Na Catequese Quaresmal deste domingo, D. José Policarpo negou ainda qualquer «justificação legal e moral» para a chamada «guerra preventiva», lembrando que não se pode aceitar «o sacrifício de vítimas inocentes em operações militares utilizadas como caminho para resolver problemas políticos».

«Têm os Estados, em alguma circunstância, direitos sobre a vida de outrem? A guerra preventiva poderá, alguma vez, ter justificação legal e moral? Poder-se-á aceitar ligeiramente o sacrifício de vítimas inocentes em operações militares usadas como caminho para resolver problemas políticos?».

Inspirada no episódio bíblico do assassinato de Abel por seu irmão Caim, o Patriarca de Lisboa começou por abordar «essa dialéctica dramática» da história humana, em que a convivência entre os homens tanto se exprime na fraternidade, como cai na violência assassina.
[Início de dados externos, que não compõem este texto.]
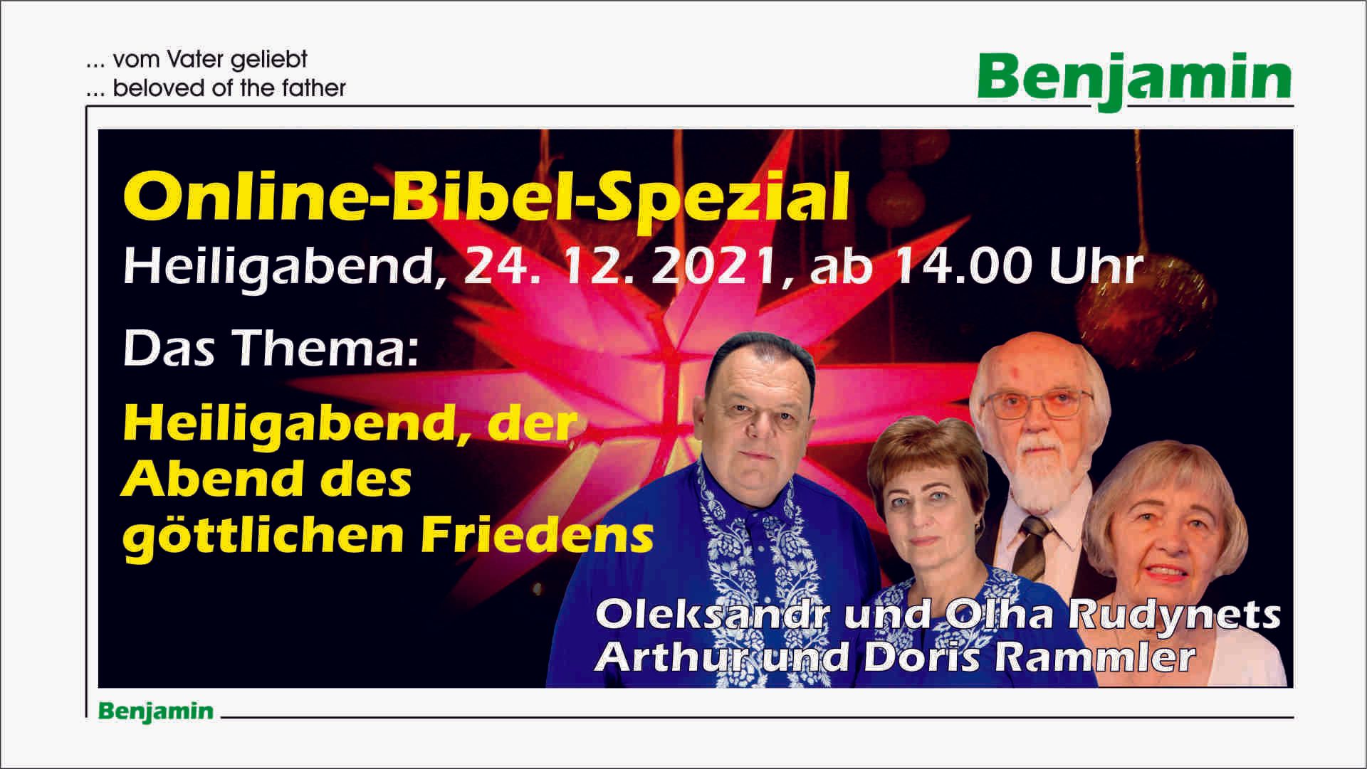 Am Heiligabend haben wir wieder unser Bibel Spezial. Neben den Sonntagsgottesdiensten werden wir auch einen besonderen Gottesdienst am Heiligabend haben. Dieser wird am 24.12. ab 14.00 Uhr auf unserer Webseite und auf allen unseren Social Media Kanälen abrufbar sein. Dieser Heiligabend Gottesdienst steht unter dem Thema: „Heiligabend, der Abend des göttlichen Friedens“
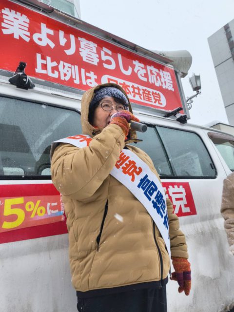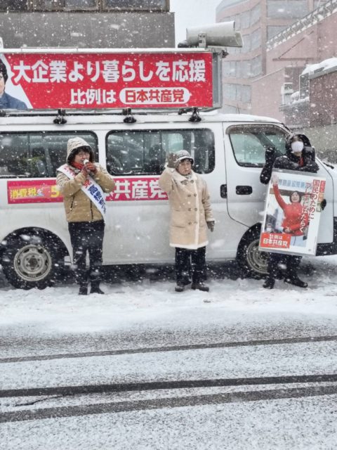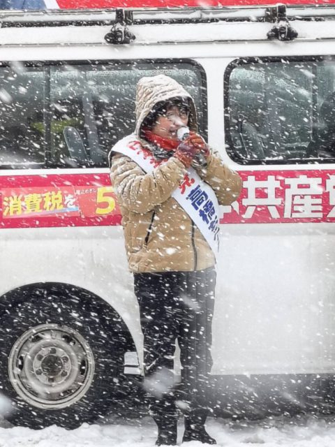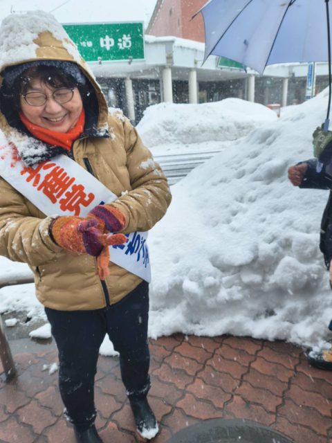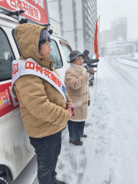 弘前市②青森県が昨年に続き災害救助法を適用しました。豪雪の際の除排雪予算の増額、代行除雪、雪害でつぶれたパイプハウスの再建など、さまざまとりくんできた、「声大変だね.でも気迫が伝わった」と若い皆さんに激励されて感激。

E realça, à luz do mesmo texto bíblico, que «cada homem é responsável pela vida do seu semelhante», e que a vida se descobre à medida que se convive e se ajuda os outros a viver.

O «Não matarás!» do Decálogo supõe, no seu entendimento positivo, «a compreensão, o respeito e o serviço da vida», que D. José Policarpo vê como «um problema perene na constituição e evolução das culturas», em que se registaram, através dos séculos, «progressos e retrocessos». Porque é dom e é projecto, que desafia a liberdade humana, a vida, nos seus parâmetros culturais e religiosos, tem direito a ser defendida e a dispor «de todas as expressões que permitam ao ser humano» desenvolvê-la.

Em conclusão, o Patriarca de Lisboa refere que «a luta em favor da vida foi, desde sempre, um combate moral, o verdadeiro confronto entre o bem e o mal».

«Desde o início, neste combate pela vida, houve momentos altos em que sobressai a grandeza do amor, dos que dão a sua vida para que os outros vivam, e momentos dramáticos em que os homens se matam uns aos outros. E o combate não terminou».